Dancing About Painting

As a designer, when I approach a canvas or any project, I begin with one of the great axioms of design, “the solution is in the problem; if you can’t find the solution, then you haven’t clearly defined the problem.” One of the ubiquitous problems that creatives have is getting started; there are few things more intimidating than a big blank canvas, be it stretched canvas or designing a poster or magazine. One of my tricks for getting past white canvas syndrome is to begin by looking at the canvas as a designer and looking at the rules of the space.

In publication design, you can’t do anything until you know the physicality of the medium. If you are designing a magazine, you have to know the size, the page count, the weight of the paper, the printing mythos, how many colors on the run, etc. From there you make decisions regarding margin, gutter, grid, folio, styles, and don’t even get me started on typographic decisions. This is what I call defining the rules of the game; you are defining all of the parameters that will inform subsequent decisions. You may find that you hit a roadblock where the parameters you’ve defined don’t allow for the flexibility to meet the requirements of the document or your vision; the form isn’t satisfying the function. Well here is the great thing about the rules, they are your rules and you can change them. I like to say that the rules of art and design are like the pirate code; to quote Captain Barbosa, “The code is more what you’d call ‘guidelines’ than actual rules.” But you have to have rules, otherwise your project becomes “CalvinBall”.(1)

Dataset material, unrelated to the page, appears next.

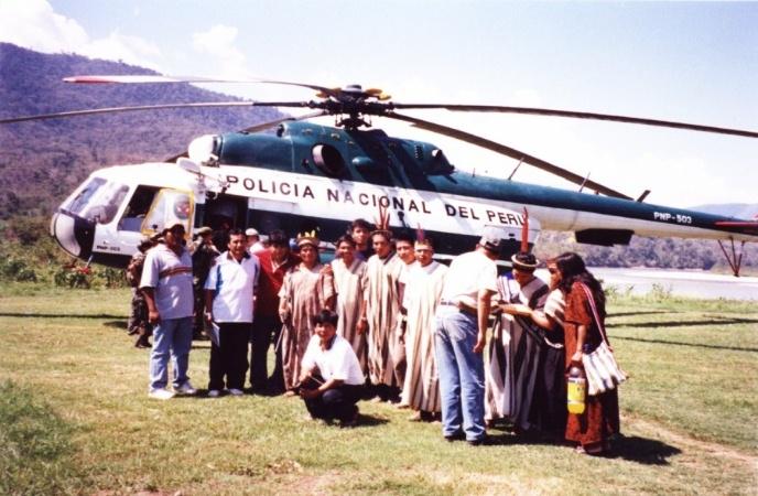 Reception of Government representatives bringing donations to rescued Ashaninkas. . . . Recepción a comitiva del gobierno trayendo donaciones para los Asháninkas rescatados. . . .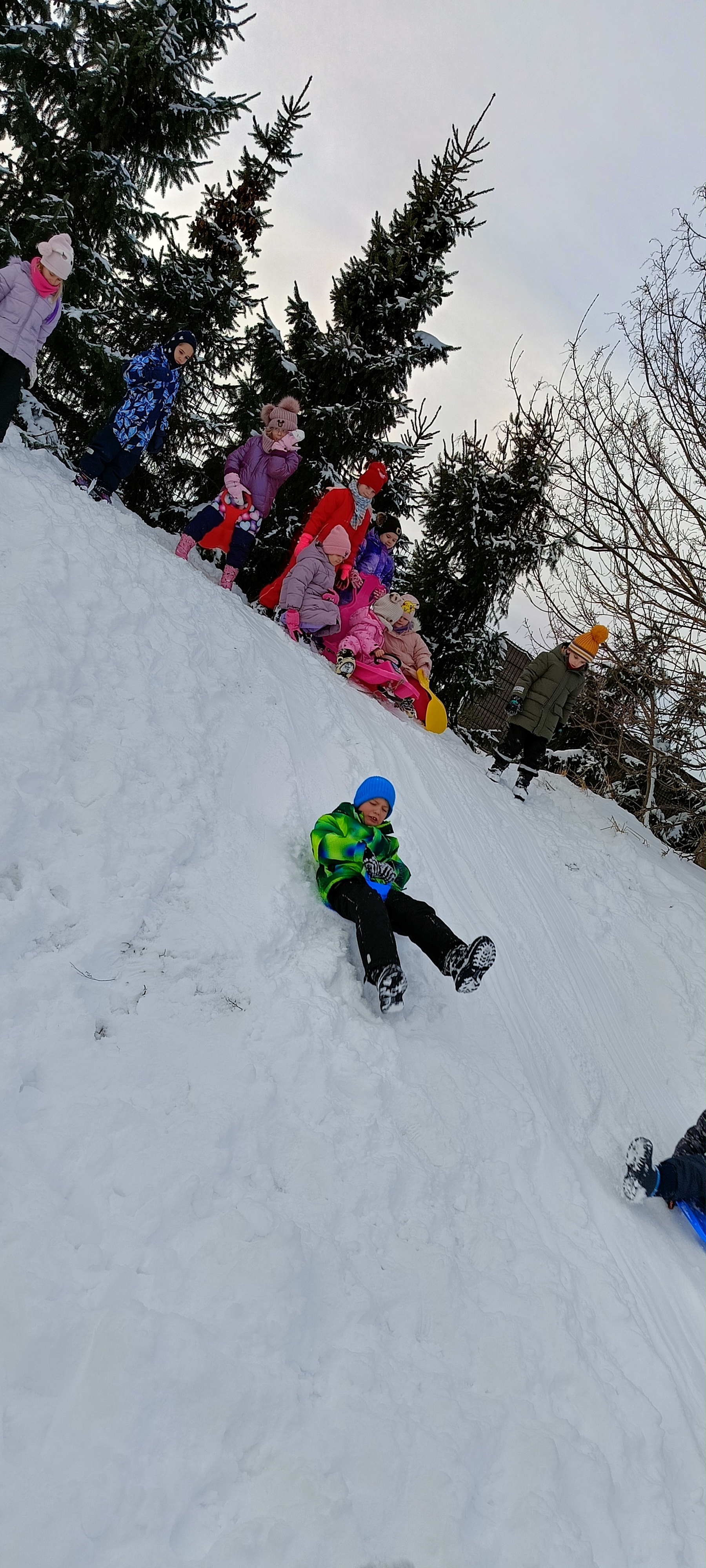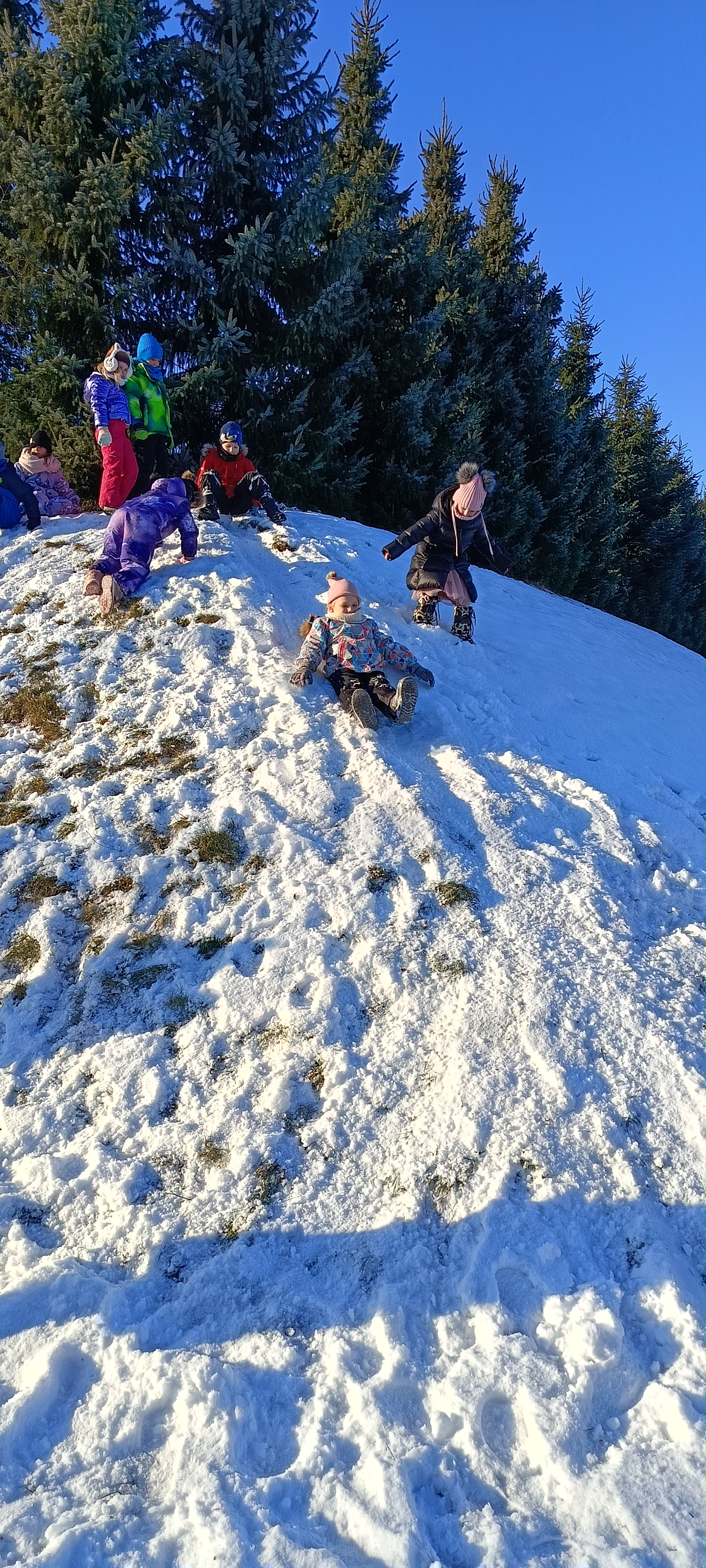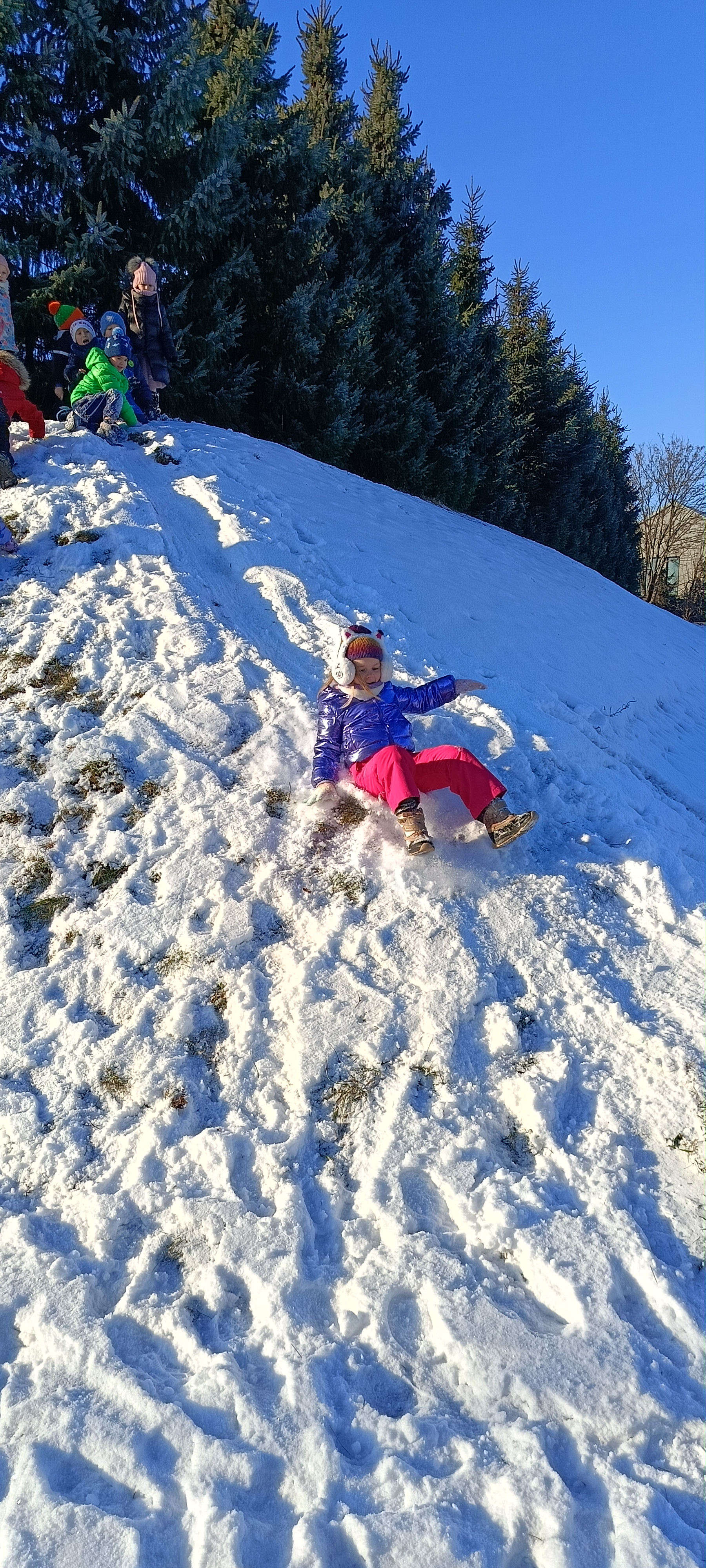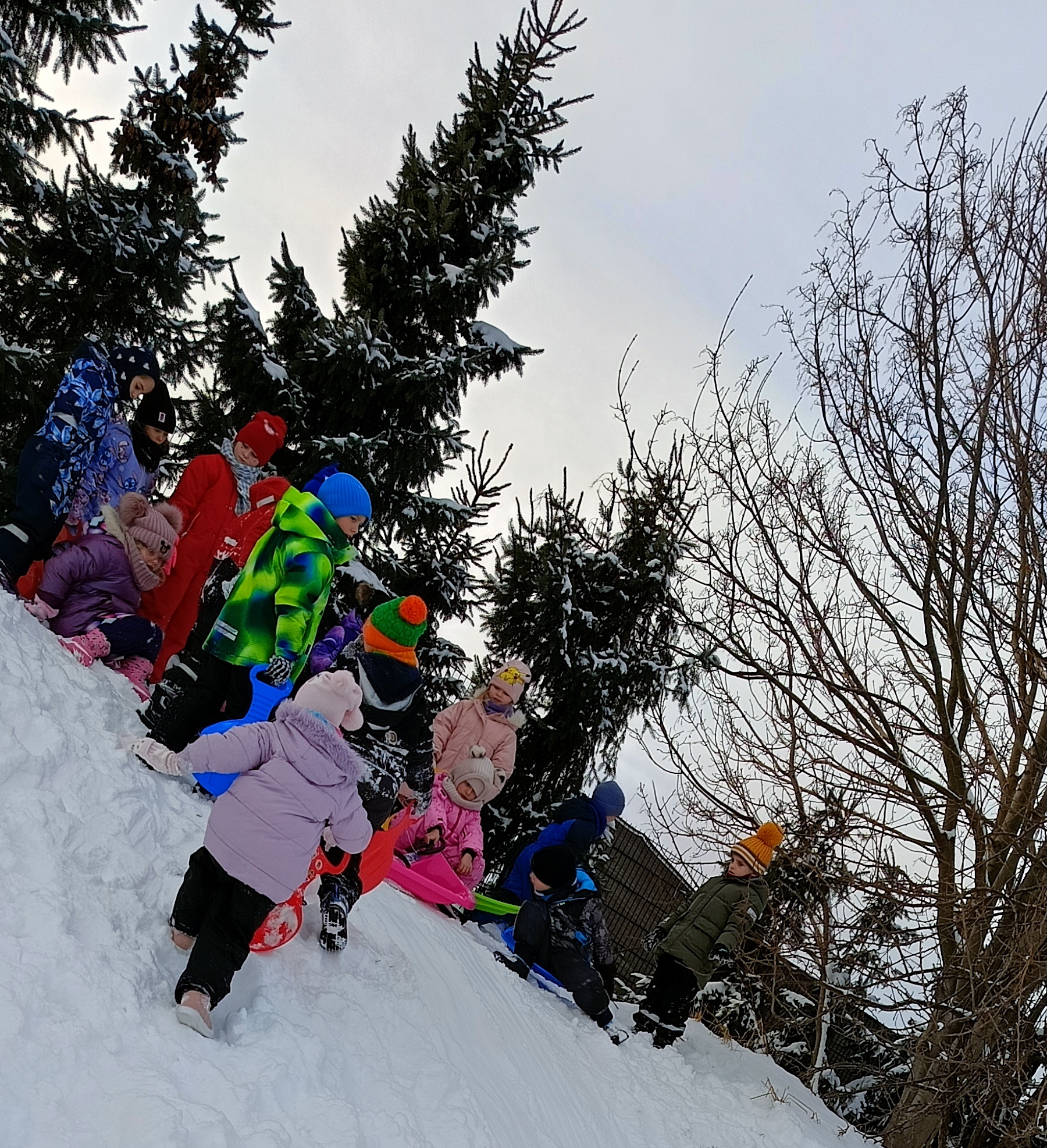 My się zimy nie boimy i na sanki wciąż chodzimy. Zima nam nie straszna a zjazdy z górki sprawiają tyle radości, że ciepło ubrane bursztynki zdobywają wszystkie możliwe górki w okolicy.

Immediately perceptible proportions / divisions of a canvas for most people are the whole, halves, quarters and thirds. Those are absolutes inherent in the canvas. The next perceptible interval will be a base unit defined by the internal margin of the piece: at what point does something draw more emphasis to the interior or exterior of the canvas? There isn’t a silver bullet for what the margin should be; however, it will usually be defined as the element closest to the edge of the canvas without kissing or breaking the edge. That interval is visually continued around and through the canvas and adds another rule to the scenario, “this unit defines the margin and becomes a base unit from which other decisions can be made.”

If nothing else, addressing the canvas in this way both begins to direct the composition and get you past the white canvas. In making those initial marks and decisions, it is a bit like cutting the ribbon as one enters a new journey of creative expression.

This is one of the pieces that I am currently working on and I have illustrated how the grid informs the composition. If you notice in the upper right corner, the base unit (the square) of the composition defines the margin and that unit subsequently informs the rest of the composition.